§ WHAT THE TASK ASKS: Leaving out the images, repeat all the lines below exactly.

§ DATA BLOCK:
++++++
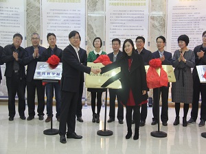 副校长王保贤和济南市市中区区政府党组成员杨云云共同为基地揭牌并合影留念。
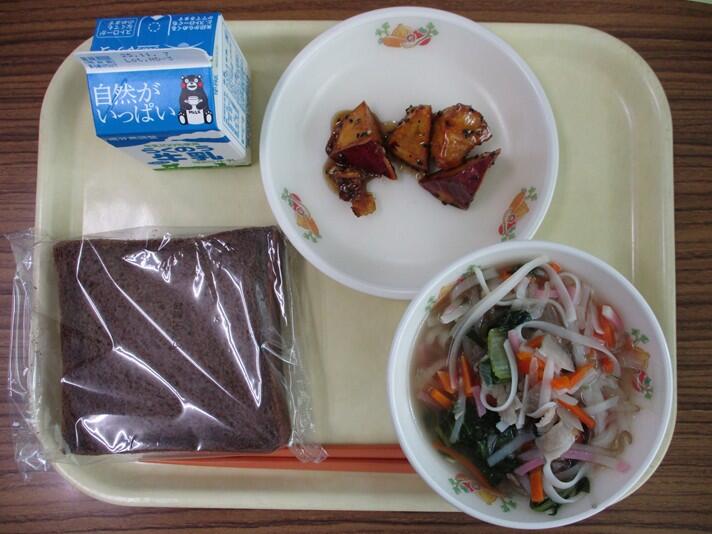 「ふるさとくまさんデー」では、熊本県内の各地域の特産品を使ったメニューが毎月給食で出されます。12月は「八代地区」で、メニューは、ミルクパン、トマトポトフ、ちくわとキャベツのサラダ、牛乳でした。
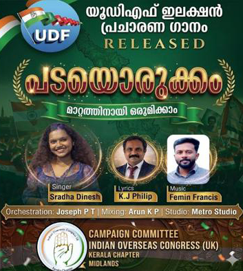 മിഡ്ലാന്ഡ്സ്: കേരള നിയമസഭ തെരഞ്ഞെടുപ്പിനെ മുന്നില്ക്കണ്ട് യുഡിഎഫ് സ്ഥാനാര്ഥികളുടെ വിജയത്തിനായി ഇന്ത്യന് ഓവര്സീസ് കോണ്ഗ്രസ് (യുകെ) കേരള ചാപ്റ്റര് മിഡ്ലാന്ഡ്സ് ക്യാമ്പയിന് കമ്മിറ്റി തയ്യാറാക്കിയ പ്രചാരണ വീഡിയോ ഗാനം പുറത്തിറങ്ങി. ''പടയൊരുക്കം മാറ്റത്തിനായി ഒരുമിക്കാം'' എന്ന ആശയവുമായി പുറത്തിറങ്ങിയ ഈ ഗാനം സോഷ്യല് മീഡിയ പ്ലാറ്റ്ഫോമുകളില് ഇതിനോടകം ശ്രദ്ധ നേടിക്കഴിഞ്ഞു.
++++++
§ TASK RESULT:
 副校长王保贤和济南市市中区区政府党组成员杨云云共同为基地揭牌并合影留念。
 「ふるさとくまさんデー」では、熊本県内の各地域の特産品を使ったメニューが毎月給食で出されます。12月は「八代地区」で、メニューは、ミルクパン、トマトポトフ、ちくわとキャベツのサラダ、牛乳でした。
 മിഡ്ലാന്ഡ്സ്: കേരള നിയമസഭ തെരഞ്ഞെടുപ്പിനെ മുന്നില്ക്കണ്ട് യുഡിഎഫ് സ്ഥാനാര്ഥികളുടെ വിജയത്തിനായി ഇന്ത്യന് ഓവര്സീസ് കോണ്ഗ്രസ് (യുകെ) കേരള ചാപ്റ്റര് മിഡ്ലാന്ഡ്സ് ക്യാമ്പയിന് കമ്മിറ്റി തയ്യാറാക്കിയ പ്രചാരണ വീഡിയോ ഗാനം പുറത്തിറങ്ങി. ''പടയൊരുക്കം മാറ്റത്തിനായി ഒരുമിക്കാം'' എന്ന ആശയവുമായി പുറത്തിറങ്ങിയ ഈ ഗാനം സോഷ്യല് മീഡിയ പ്ലാറ്റ്ഫോമുകളില് ഇതിനോടകം ശ്രദ്ധ നേടിക്കഴിഞ്ഞു.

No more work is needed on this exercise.